> _REQUIRED ACTION_:
Of the lines in the data below, write out exactly those from the one holding "Superbe paire de" through the one holding "(七)為招投標(biāo)實", both included.

> _EXTRACTED MATERIAL_:
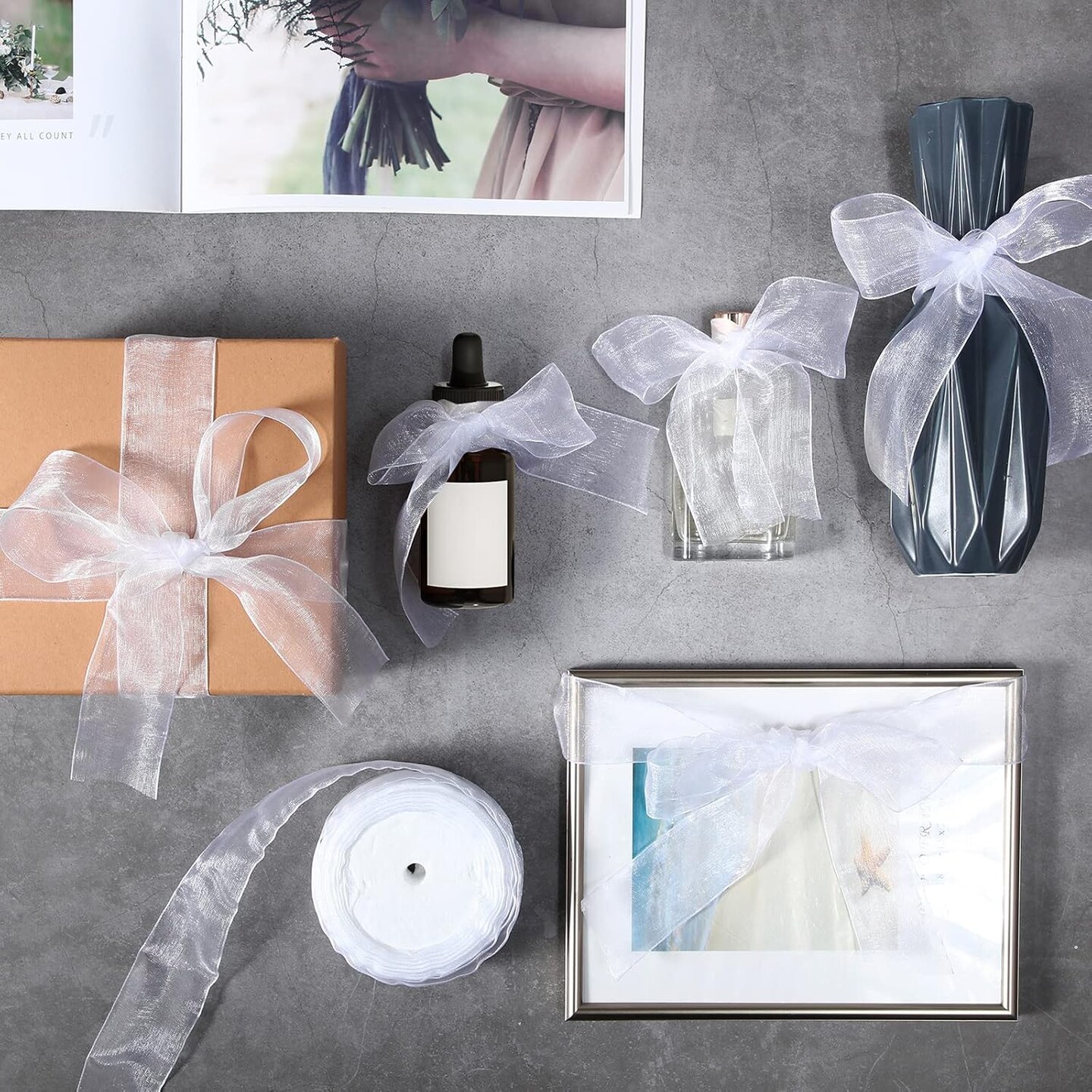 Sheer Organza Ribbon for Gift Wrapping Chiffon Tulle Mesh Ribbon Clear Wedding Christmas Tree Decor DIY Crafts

...

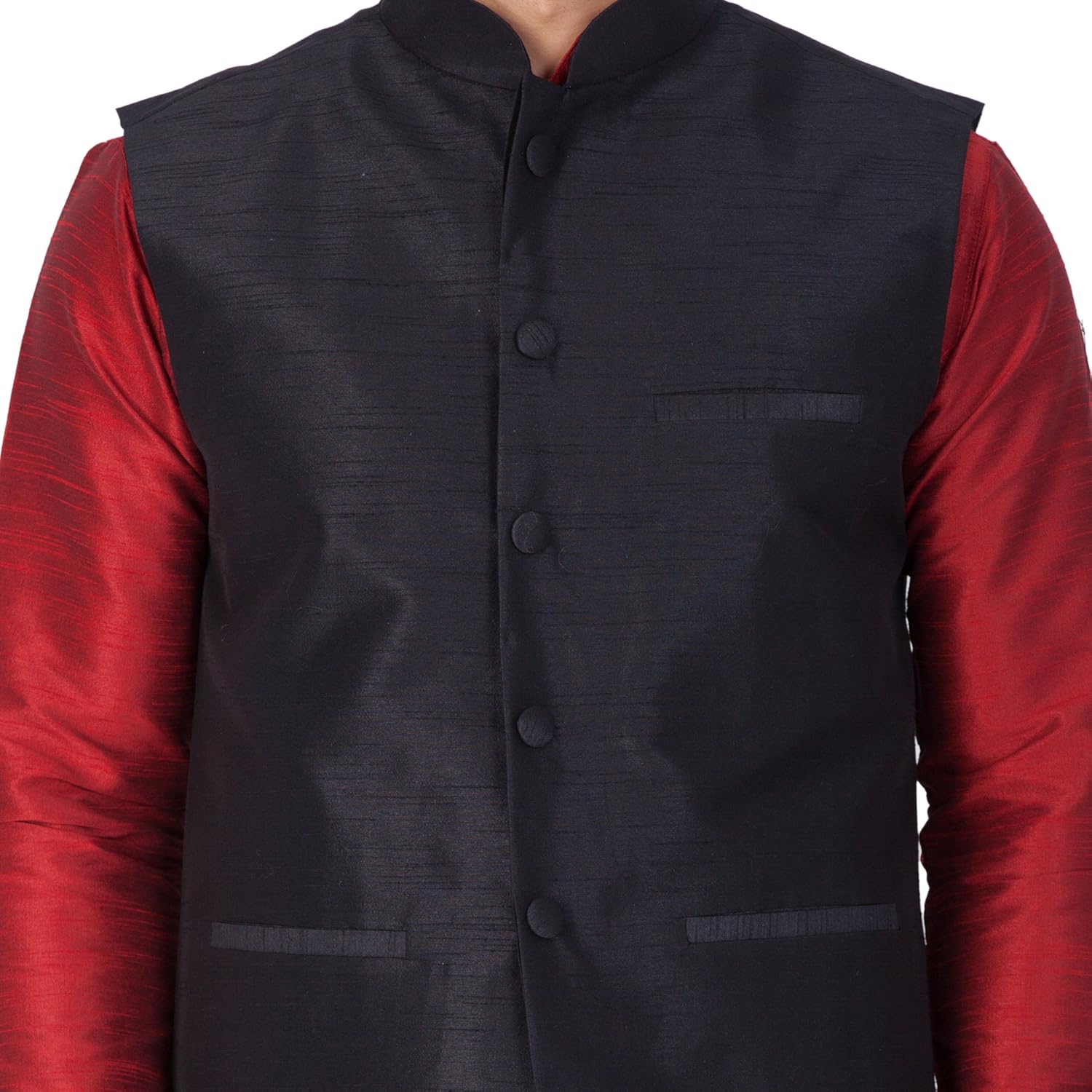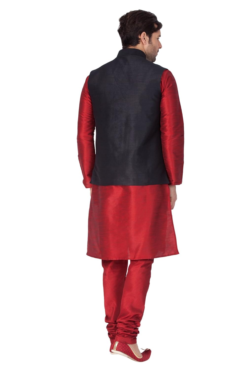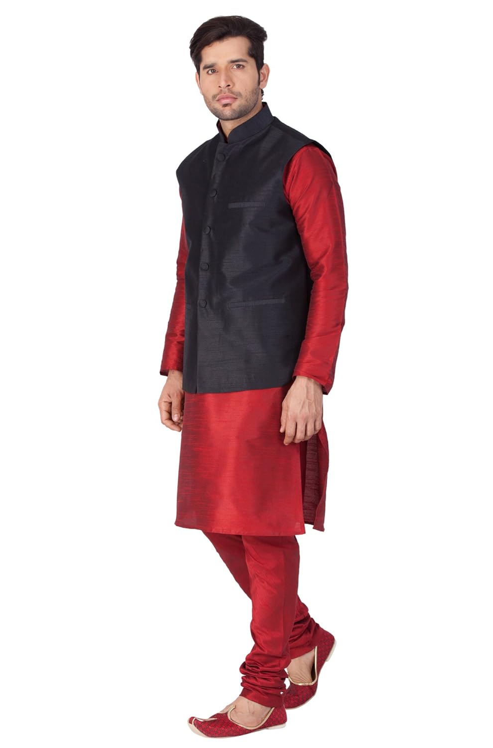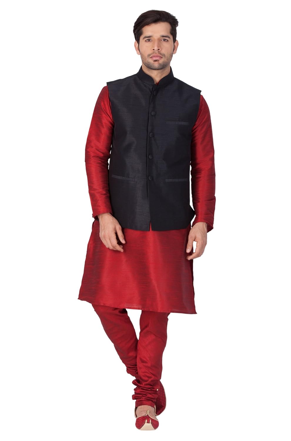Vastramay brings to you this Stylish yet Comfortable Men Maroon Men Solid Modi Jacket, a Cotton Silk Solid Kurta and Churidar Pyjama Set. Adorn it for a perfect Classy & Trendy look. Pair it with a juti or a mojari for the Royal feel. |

---

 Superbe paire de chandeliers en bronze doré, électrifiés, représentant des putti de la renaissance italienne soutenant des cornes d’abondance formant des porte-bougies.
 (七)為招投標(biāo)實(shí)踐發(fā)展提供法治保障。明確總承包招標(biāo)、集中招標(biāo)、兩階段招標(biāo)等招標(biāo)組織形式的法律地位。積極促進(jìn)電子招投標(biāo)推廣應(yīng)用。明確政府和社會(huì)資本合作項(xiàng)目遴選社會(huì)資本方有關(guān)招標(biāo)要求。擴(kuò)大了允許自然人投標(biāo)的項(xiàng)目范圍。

> _ANSWER SECTION_:
 Superbe paire de chandeliers en bronze doré, électrifiés, représentant des putti de la renaissance italienne soutenant des cornes d’abondance formant des porte-bougies.
 (七)為招投標(biāo)實(shí)踐發(fā)展提供法治保障。明確總承包招標(biāo)、集中招標(biāo)、兩階段招標(biāo)等招標(biāo)組織形式的法律地位。積極促進(jìn)電子招投標(biāo)推廣應(yīng)用。明確政府和社會(huì)資本合作項(xiàng)目遴選社會(huì)資本方有關(guān)招標(biāo)要求。擴(kuò)大了允許自然人投標(biāo)的項(xiàng)目范圍。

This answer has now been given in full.